Panelists talked about different experiences they had with male colleagues.  some of whom would make sure to acknowledge your contributions explicitly in their presentations, and some who would use your ideas without any acknowledgement. Clearly if you want to be more successful you should avoid being surrounded by this latter group of people. It was mentioned that one of the techniques in dealing with problems that you might face with male colleagues (if you find yourself unable to solve it by yourself) is to go to your manager or boss and push him to help you in that situation.

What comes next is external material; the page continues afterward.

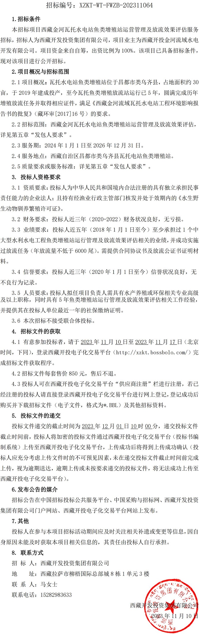 西藏金河瓦托水電站魚類增殖站運(yùn)營管理及放流效果評估服務(wù)招標(biāo)公告

Another challenge that was highlighted was finding a research problem to work on during graduate study and also for one's research career after that. Many of the speakers agreed  that was one of the biggest challenges in their research work). Other discussed challenges were about choosing the right advisor and changing research problems or advisors during one's PhD.

It was mentioned that usually the most common mistake new students make in doing research is that they decide on some topic, do a wide search on the current and previous work, and then come to the conclusion that  all the problems had already been solved and that there was  nothing new to do. But in fact in most research topics there are always ways to make the area broader and find new directions: this is the creative aspect of research. This is the main distinction between doing research and "re-search"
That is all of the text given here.